Installing this library may introduce tensorflow logs when running some of the scripts below. To avoid this, you can set the following environment variable:
```bash
export TF_CPP_MIN_LOG_LEVEL=2
```

You can then run the following command to convert the dataset into the appropriate format for the post-training pipeline.
```bash
python scripts/convert_waymo.py
```
This script converts the Waymo dataset into the following format:
```
datasets/multiview/waymo/input/<sample_id>
├── pinhole_front_left.mp4 # video from front left camera
└── pinhole_front_right.mp4 # video from front right camera
└── pinhole_front.mp4 # video from front camera
└── pinhole_side_left.mp4 # video from side left camera
└── pinhole_side_right.mp4 # video from side right camera
└── caption.jsonl # jsonl file with the columns: caption, view, tag
```

The caption.jsonl file contains all captions corresponding to the input.

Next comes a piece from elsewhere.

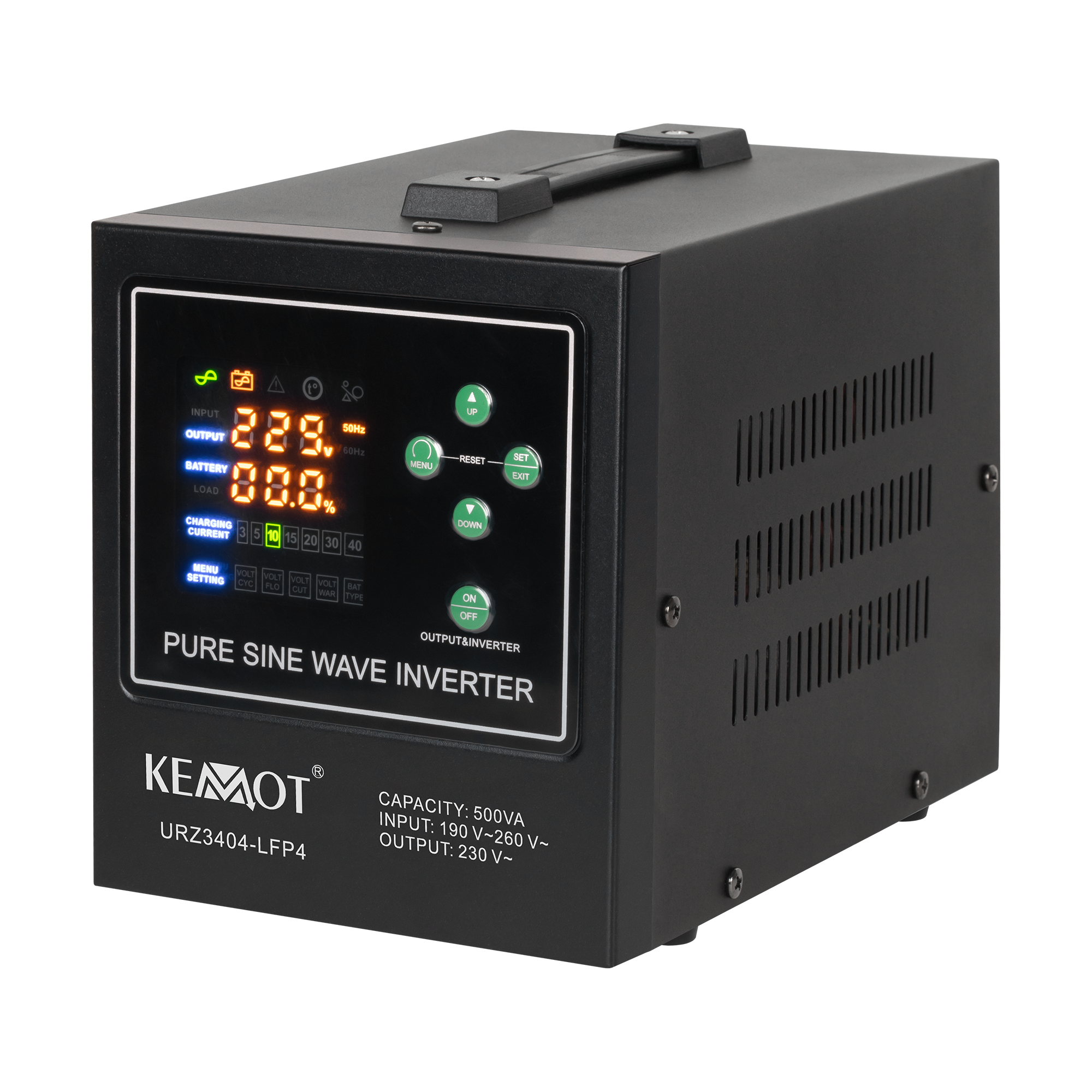 Awaryjne zasilacze KEMOT PROSinus wyposażone są w przejrzysty wyświetlacz LED, który wskaże aktualny status pracy urządzenia. Na wyświetlaczu skontrolujesz m.in. poziom napięcia wejściowego, wyjściowego i częstotliwości. Co więcej szybko sprawdzisz też poziom obciążenia i poziom naładowania baterii.

To assign separate captions for views, you can use the view column to specify which view the caption corresponds to. Currently, the dataloader is set to only use the front view caption, but this can be modified [here](../cosmos_predict2/_src/predict2_multiview/configs/vid2vid/defaults/dataloader_local.py) via `single_caption_camera_name=None`. Additionally, you can specify a tag for each caption. When multiple captions with different tags are available for a view, one is chosen randomly based on the probabilities defined in [here](../cosmos_predict2/_src/predict2_multiview/datasets/local.py) via `caption_probability` in the dataloader configuration. This allows for stochastic caption selection during training.

## 2. Post-training

Finally, once you have the dataset downloaded and converted, you can run the following command to post-train with the Waymo dataset. We recommend you run post-training with 8 GPUs.
```bash
torchrun --nproc_per_node=8 -m scripts.train \
--config=cosmos_predict2/_src/predict2_multiview/configs/vid2vid/config.py \
-- \
experiment=predict2_multiview_post_train_waymo \
```

## 3. Inference with the Post-trained Checkpoint

### 3.1 Converting DCP Checkpoint to Consolidated PyTorch Format

Since the checkpoints are saved in DCP format during training, you need to convert them to consolidated PyTorch format (.pt) for inference. Use the `convert_distcp_to_pt.py` script:

```bash
# Convert DCP checkpoint to PyTorch format
python scripts/convert_distcp_to_pt.py \
    ${IMAGINAIRE_OUTPUT_ROOT}/cosmos_predict_v2p5/multiview/2b_waymo/checkpoints/iter_000002000/model/ \
    ${IMAGINAIRE_OUTPUT_ROOT}/cosmos_predict_v2p5/multiview/2b_waymo/checkpoints/iter_000002000/
```

This conversion will create three files:

- `model.pt`: Full checkpoint containing both regular and EMA weights
- `model_ema_fp32.pt`: EMA weights only in float32 precision
- `model_ema_bf16.pt`: EMA weights only in bfloat16 precision (recommended for inference)

### 3.2 Running Inference

After converting the checkpoint, you can run inference with your post-trained model with the following command:

```bash
NUM_GPUS=8
torchrun --nproc_per_node=$NUM_GPUS examples/multiview.py \
--inference-type video2world \
--checkpoint-path ${IMAGINAIRE_OUTPUT_ROOT}cosmos_predict_v2p5/multiview/2b_waymo/checkpoints/iter_000000500/model_ema_bf16.pt \
--experiment predict2_multiview_post_train_waymo \
--use-config-dataloader
-o outputs/multiview
```

For more inference options and advanced usage, see [docs/inference_multiview.md](./inference_auto_multiview.md).